# [Required work]
Output exactly, in the material below, the lines from the one with "竹製 卓上収納 卓上チェスト" through the one with "經(jīng)過(guò)項". Omit all pictures.

# [Extracted data]
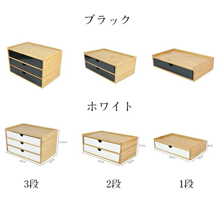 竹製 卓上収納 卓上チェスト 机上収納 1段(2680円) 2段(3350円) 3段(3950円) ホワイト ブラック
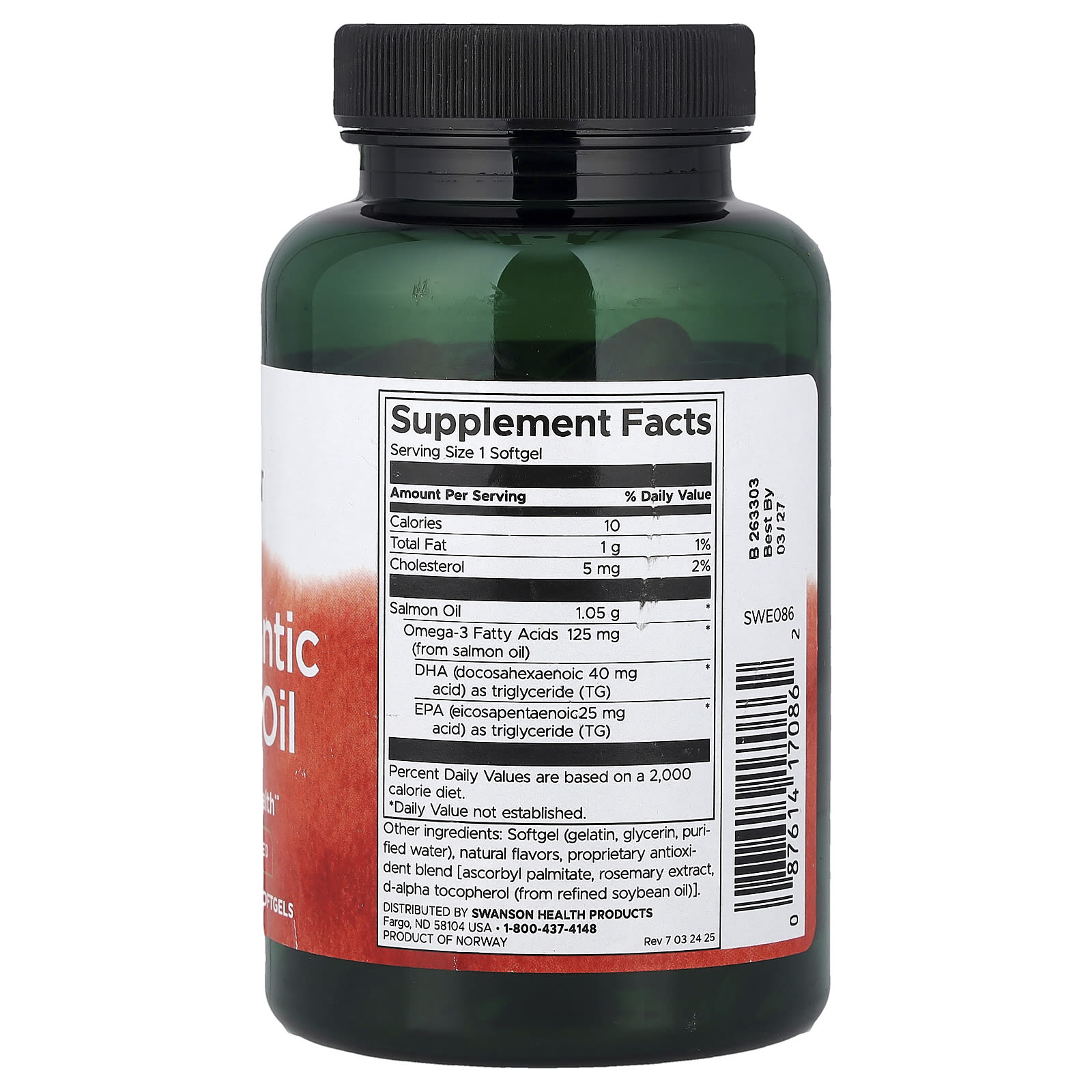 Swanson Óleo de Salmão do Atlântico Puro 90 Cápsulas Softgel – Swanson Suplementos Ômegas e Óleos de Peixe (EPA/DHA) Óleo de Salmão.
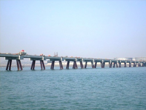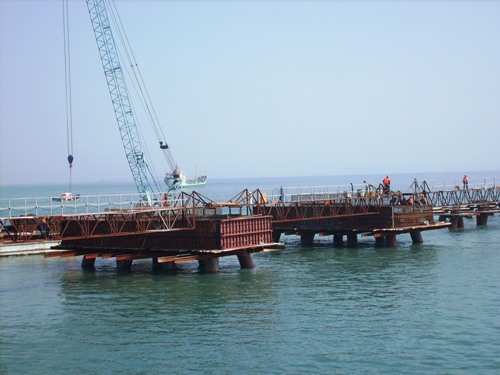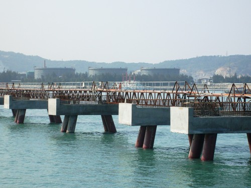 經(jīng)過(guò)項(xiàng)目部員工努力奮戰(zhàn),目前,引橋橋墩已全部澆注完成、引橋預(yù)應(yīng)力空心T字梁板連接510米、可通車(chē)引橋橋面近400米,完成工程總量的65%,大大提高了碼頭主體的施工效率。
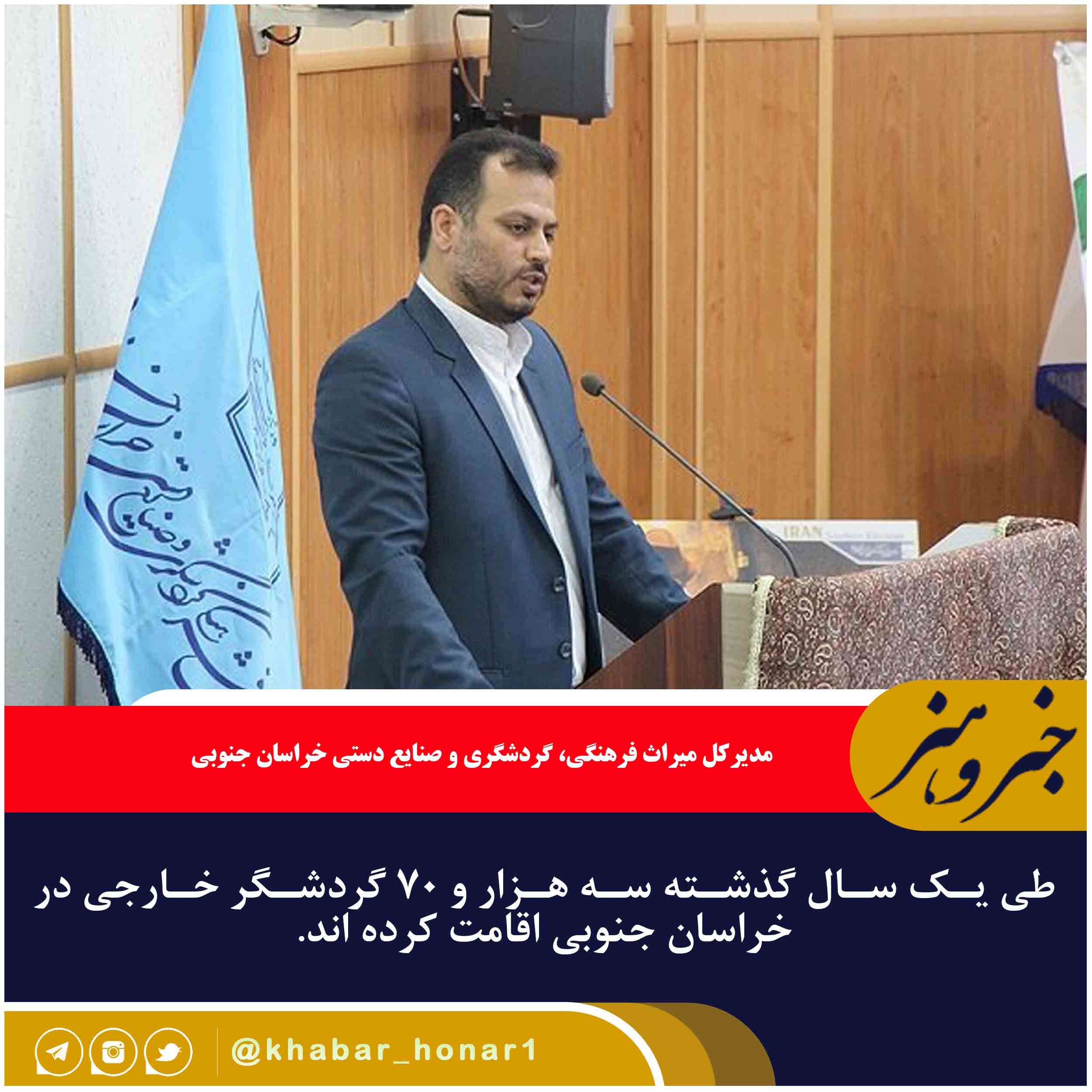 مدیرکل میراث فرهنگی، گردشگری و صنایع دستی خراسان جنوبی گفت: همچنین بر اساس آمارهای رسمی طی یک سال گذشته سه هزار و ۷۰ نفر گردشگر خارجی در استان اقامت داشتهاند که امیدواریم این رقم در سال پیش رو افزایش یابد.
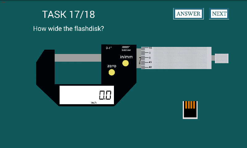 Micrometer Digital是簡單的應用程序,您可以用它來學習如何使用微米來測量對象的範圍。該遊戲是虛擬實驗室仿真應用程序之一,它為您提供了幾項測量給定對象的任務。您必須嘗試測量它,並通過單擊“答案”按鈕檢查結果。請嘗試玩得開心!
==
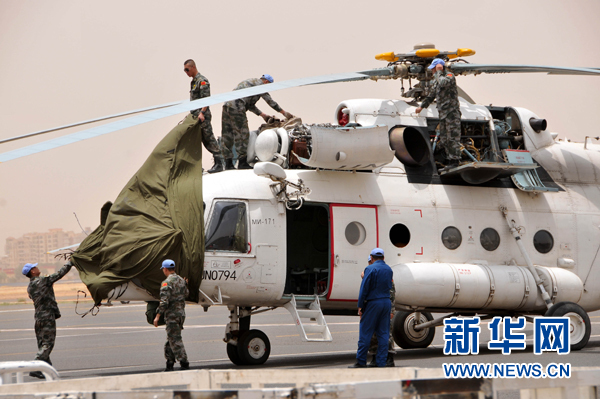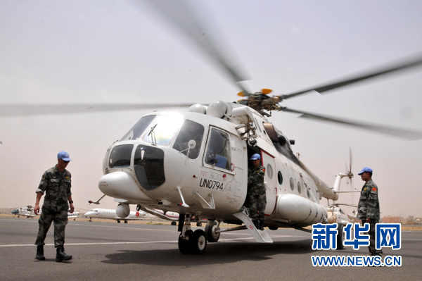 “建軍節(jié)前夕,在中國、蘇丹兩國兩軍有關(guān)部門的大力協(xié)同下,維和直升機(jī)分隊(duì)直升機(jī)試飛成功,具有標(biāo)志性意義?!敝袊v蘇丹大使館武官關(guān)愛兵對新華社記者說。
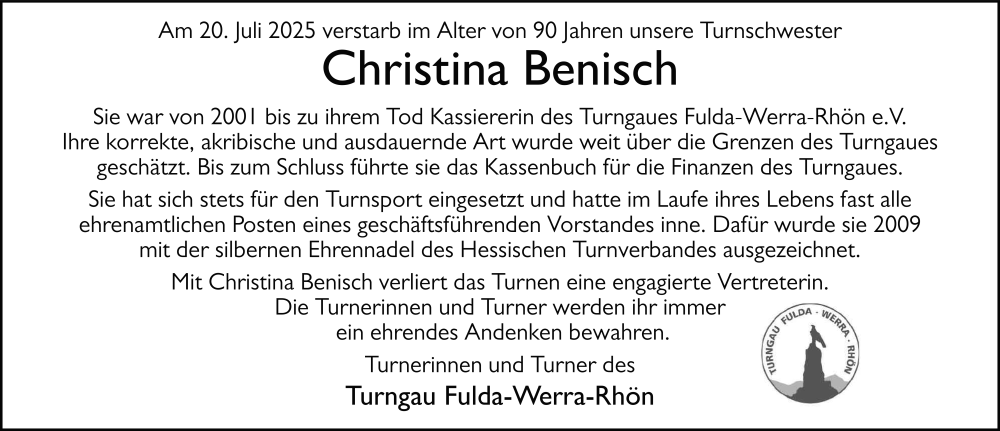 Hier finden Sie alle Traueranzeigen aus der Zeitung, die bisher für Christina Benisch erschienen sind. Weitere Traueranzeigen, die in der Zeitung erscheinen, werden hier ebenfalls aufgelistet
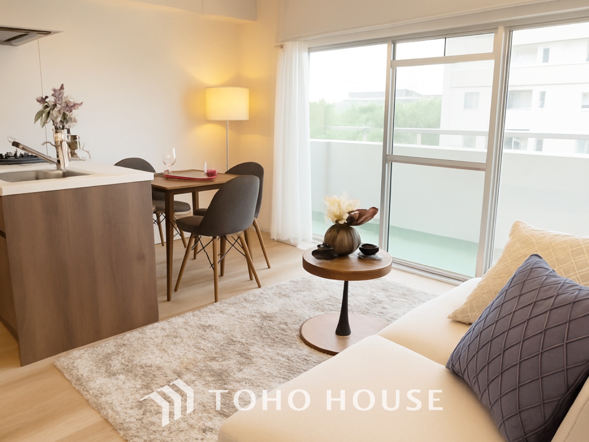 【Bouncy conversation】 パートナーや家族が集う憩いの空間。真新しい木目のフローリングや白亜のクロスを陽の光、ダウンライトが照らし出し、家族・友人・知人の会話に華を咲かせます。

# [Answer area]
 竹製 卓上収納 卓上チェスト 机上収納 1段(2680円) 2段(3350円) 3段(3950円) ホワイト ブラック
 Swanson Óleo de Salmão do Atlântico Puro 90 Cápsulas Softgel – Swanson Suplementos Ômegas e Óleos de Peixe (EPA/DHA) Óleo de Salmão.
 經(jīng)過(guò)項(xiàng)目部員工努力奮戰(zhàn),目前,引橋橋墩已全部澆注完成、引橋預(yù)應(yīng)力空心T字梁板連接510米、可通車(chē)引橋橋面近400米,完成工程總量的65%,大大提高了碼頭主體的施工效率。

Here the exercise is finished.